_Record excerpts_:
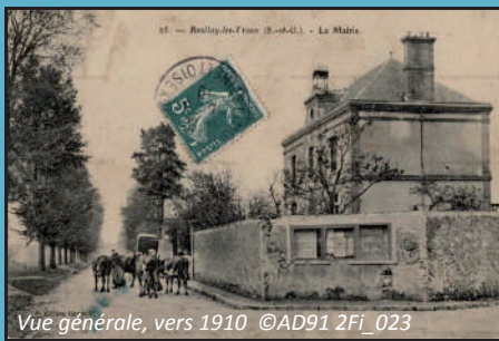
Vue générale, vers 1910
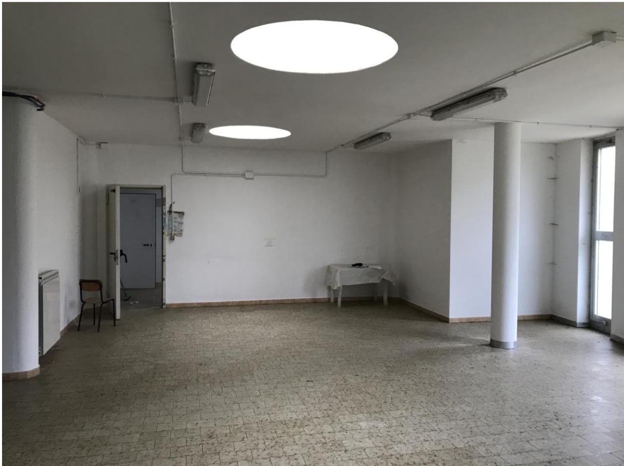
Locali in disuso – Interno – Particolare illuminazione zenitale
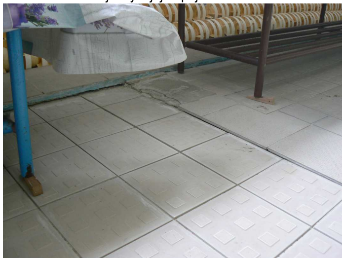
F48 Detailný pohľad na presadnutú podlahu západného okraja bazénovej haly
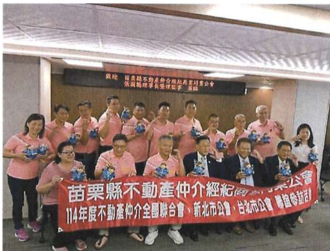
114. 6. 24 不動產仲介全國聯合會參訪
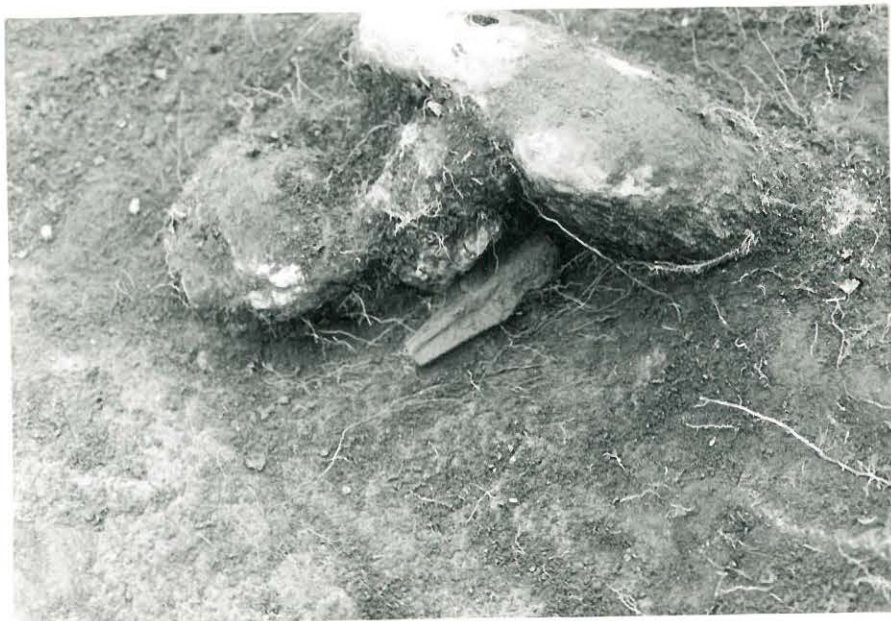
18. Löytö no 63 löytöpaikallaan.

_What you need to do_: Every line of the material is to be quoted exactly, with no pictures carried over.

_Exercise solution_:
Vue générale, vers 1910
Locali in disuso – Interno – Particolare illuminazione zenitale
F48 Detailný pohľad na presadnutú podlahu západného okraja bazénovej haly
114. 6. 24 不動產仲介全國聯合會參訪
18. Löytö no 63 löytöpaikallaan.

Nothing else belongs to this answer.